Conrad, Joseph
Related Category: English Literature, 20th cent. to the Present: Biographies
18571924, English novelist, b. Berdichev, Russia (now Berdychiv, Ukraine), originally named Jósef Teodor Konrad Walecz Korzeniowski. Born of Polish parents, he is considered one of the greatest novelists and prose stylists in English literature. In 1874, Conrad went to sea and later joined (1878) an English merchant ship, becoming (1884) a master mariner as well as a British citizen. Retiring from the merchant fleet in 1894, he began his career as a novelist, and all of his novels are written in English, an acquired language.
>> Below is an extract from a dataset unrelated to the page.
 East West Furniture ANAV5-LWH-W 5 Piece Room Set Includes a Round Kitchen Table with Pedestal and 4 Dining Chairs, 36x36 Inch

His notable early works include
The Nigger of the Narcissus (1897),
Lord Jim (1900), and the novellas
Youth (1902),
Heart of Darkness (1902), and
Typhoon (1903). The novels
Nostromo (1904),
The Secret Agent (1907),
Under Western Eyes (1911), and
Chance (1913) are regarded by many as Conrad's greatest works. Of his later works,
Victory (1915) is the best known. He also collaborated on two novels with Ford Madox
Ford,
The Inheritors (1901) and
Romance (1903). Marked by a distinctive, opulent prose style, Conrad's novels combine realism and high drama. Their settings include nautical backgrounds as well as high society, and international politics. Conrad was a skilled creator of atmosphere and character; the impact of various situations was augmented by his use of symbolism. He portrayed acutely the conflict between non-western cultures and modern civilization. His characters exhibit the possibilities for isolation and moral deterioration in modern life.
See his complete works (26 vol., 192426); biographies by J. Baines (1960), F. M. Ford (1965) and F. R. Karl (1979); studies by E. Said (1966), R. Curle (1968), J. A. Palmer (1968), B. Johnson (1971) and I. Watt (1980); bibliography by T. G. Ehrsam (1969).